▶ [Exercise materials]
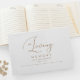 Minimalistiskt "In Loving Memory" firande i livet, begravningsgäst bok, elegant, underbart handskriftsteckensnitt, svart och vitt.
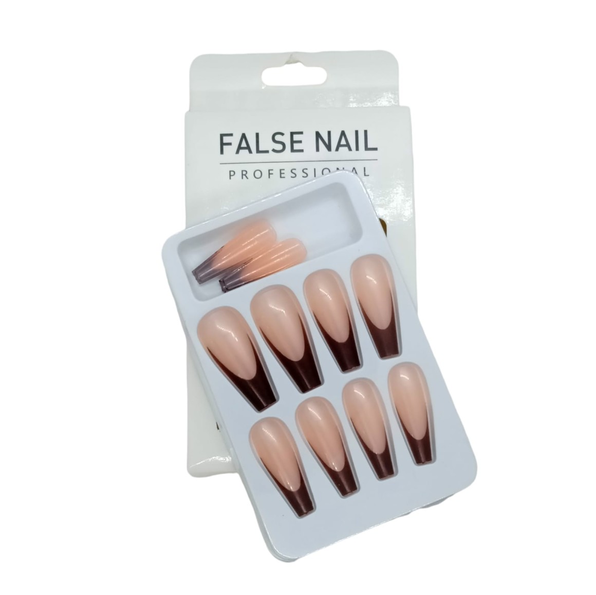 FALSE NAIL UNHA POSTIÇA C/12 ROSA COM MARROM
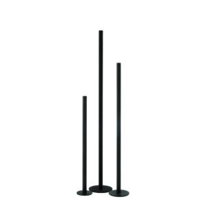 Cada candelabro del set cuenta con una altura distinta —60 cm, 80 cm y 100 cm— permitiendo jugar con las proporciones y añadir dinamismo visual. Su acabado en metal negro mate le confiere un aire contemporáneo y atemporal, que los hace perfectos para integrarse en una amplia gama de estilos decorativos.
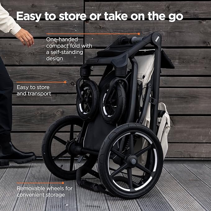 - Ultra-smooth ride: This Thule stroller features large 16-inch wheels with air filled tires, suspension and swivel front wheels that locks into place for jogging and running; baby stroller with hand brake for confident speed control
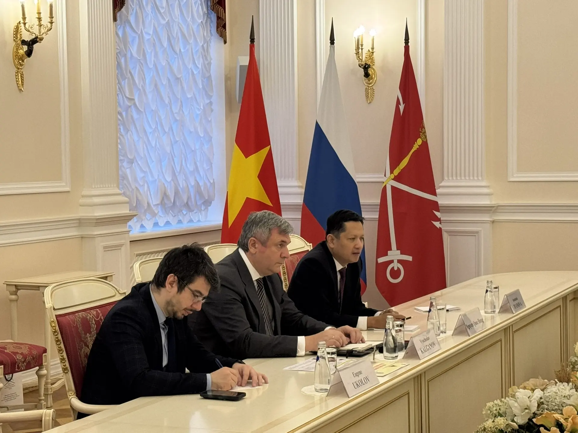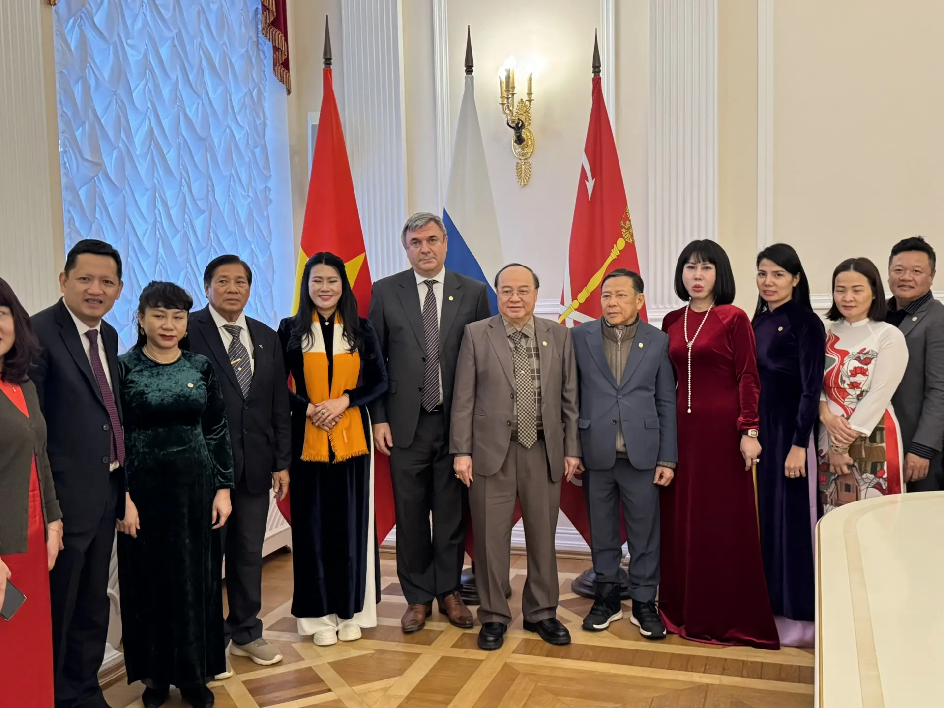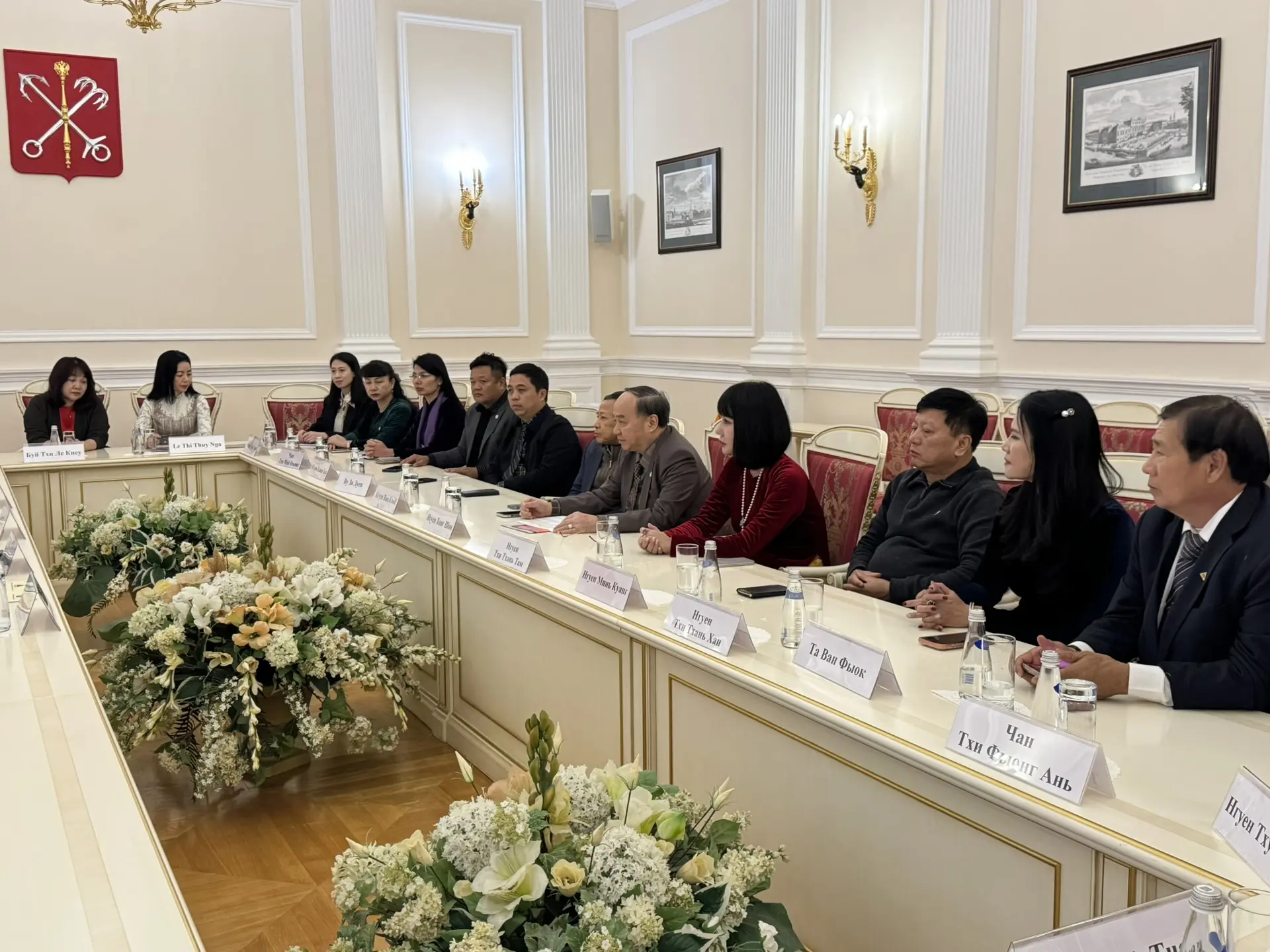Программа пребывания гостей из Вьетнама в Северной столице России открылась посещением Смольного. В ходе визита прошла рабочая встреча с руководством Комитета по внешним связям Санкт‑Петербурга. В переговорах также принял участие директор Фонда «Традиция и дружба», заместитель председателя Союза вьетнамских организаций в Российской Федерации Нгуен Куок Хунг.
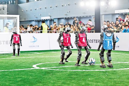 赛场上的人形机器人,由北京加速进化科技有限公司研发。“它们具有超大关节运动空间,踢球时灵活度高。”该公司现场工作人员介绍,为在比赛中取得好成绩,各高校参赛队伍精心为自己的“球员”设计了整体战术风格软件代码。
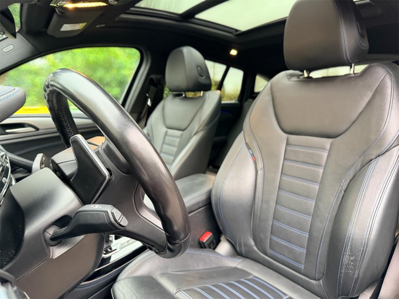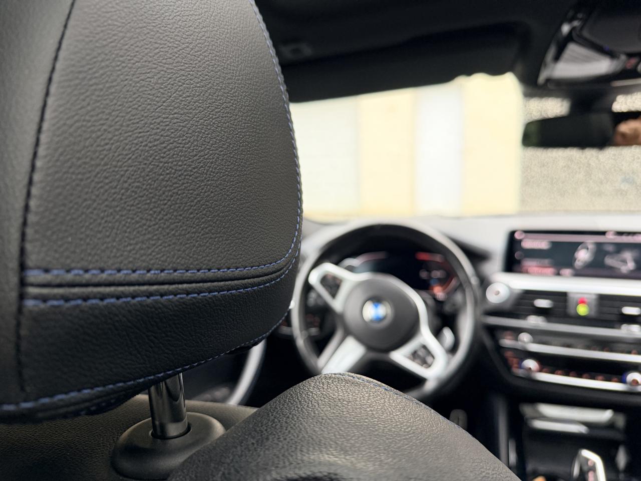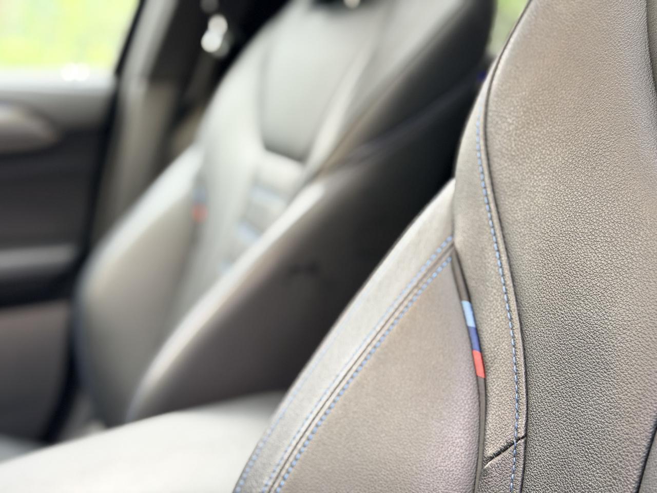 ABS avec aide au freinage d'urgenceAccoudoir central avant et arrièreAirbags conducteur et passagerAirbags de tête avant/arrièreAirbags latéraux avantAntenne de toit « aileron de requin »Appel d'Urgence IntelligentAutoradio BMW Professional, 8 touches de favoris programmables et "Controller" iDrive avec touches de raccourci, compatibilité MP3, double Tuner RDS FM, info-route (TP)Badges latéraux MBMW TwinPower TurboBoîte de vitesses automatique à 8 rapports avec palettes au volantBouton de démarrage Start/Stop sans manipulation de la cléCiel de pavillon anthraciteClé radiocommandée à mémorisation automatique des réglages « Personal Profile »Climatisation automatique 3 zonesColonne de direction réglable en hauteur / profondeurCommande électrique du hayonContrôle dynamique de la stabilité DSCContrôle Dynamique de la Traction (DTC)Détecteur de pluie et allumage automatique des projecteursDéverrouillage électrique du hayon via la poignée ou la clé radiocommandéeDiffuseur aérodynamique avant "Air Curtain"Eclairage d’ambianceFeux de route anti-éblouissementFixations ISOFIX aux places latérales arrières pour sièges enfantFrein de parking électromécaniqueInserts décoratifs Aluminium Rhombicle avec baguette d'accentuation chrome brillant perléJupe arrière intégrant un diffuseur en « Dark Shadow » métalliséKit aérodynamique M avec jupe avant, jupes latérales et enjoliveurs de passage de roue dans la teinte de carrosserieKit EclairageLimiteur et régulateur de vitesse avec maintien de la vitesse en descenteMesure individuelle de pression des pneumatiquesPack Advanced Full LEDPack Aérodynamique MPack BMW ConnectedDrivePoignées de portes couleur carrosserieProjecteurs antibrouillard à LEDRétroviseur intérieur électrochromeRétroviseurs extérieurs couleur carrosserieRétroviseurs extérieurs électriques chauffants, asphérique côté conducteurRétroviseurs extérieurs rabattables électriquement et électrochromatique du côté conducteurSélecteur de mode de conduite - 3 modes : "ECO PRO", "Confort" et "Sport"Sellerie Tissu-cuir 'Vernasca' Schwarz avec sûrpiqures contrastées bleuesSeuils de portes M, repose pied M et pédalier spécifique MShadow Line M brillantSorties d’échappement en chrome brillantSuspension DirectDriveTapis de sol en veloursVolant M gainé cuir
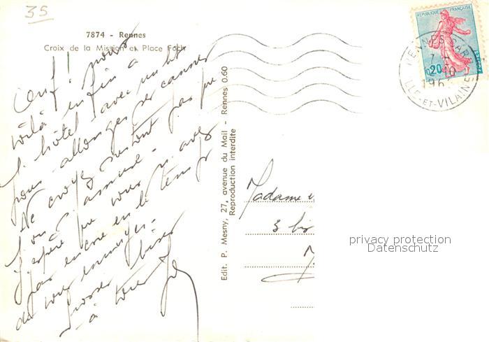 13593942 Rennes Ille-et-Vilaine Croix de la Mission et Place Foch postalisch gelaufen Erhaltung siehe scans [WerneD78] carte postale Wern Katcode 11170035335238
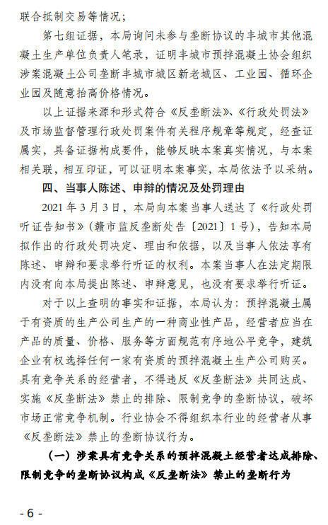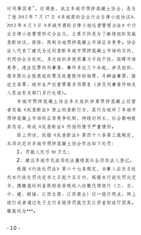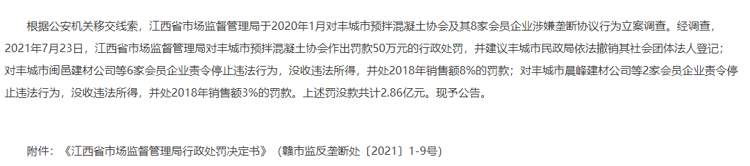 經(jīng)調(diào)查,2021年7月23日,江西省市場(chǎng)監(jiān)督管理局對(duì)豐城市預(yù)拌混凝土協(xié)會(huì)作出罰款50萬(wàn)元的行政處罰,并建議豐城市民政局依法撤銷其社會(huì)團(tuán)體法人登記;對(duì)豐城市閩邑建材公司等6家會(huì)員企業(yè)責(zé)令停止違法行為,沒收違法所得,并處2018年銷售額8%的罰款;對(duì)豐城市晨峰建材公司等2家會(huì)員企業(yè)責(zé)令停止違法行為,沒收違法所得,并處2018年銷售額3%的罰款。上述罰沒款共計(jì)2.86億元。
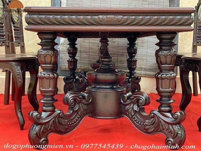 Thông tin chi tiết bộ bàn ghế ăn cù lá gỗ gụ lối cổ xưa:

▶ [Exercise]
Above, find the line holding "Программа пребывания гостей" and the line holding "赛场上的人形机器人,由北京加". Print exactly those two lines and every line between them, but no pictures.

▶ [Solution to the exercise]
Программа пребывания гостей из Вьетнама в Северной столице России открылась посещением Смольного. В ходе визита прошла рабочая встреча с руководством Комитета по внешним связям Санкт‑Петербурга. В переговорах также принял участие директор Фонда «Традиция и дружба», заместитель председателя Союза вьетнамских организаций в Российской Федерации Нгуен Куок Хунг.
 赛场上的人形机器人,由北京加速进化科技有限公司研发。“它们具有超大关节运动空间,踢球时灵活度高。”该公司现场工作人员介绍,为在比赛中取得好成绩,各高校参赛队伍精心为自己的“球员”设计了整体战术风格软件代码。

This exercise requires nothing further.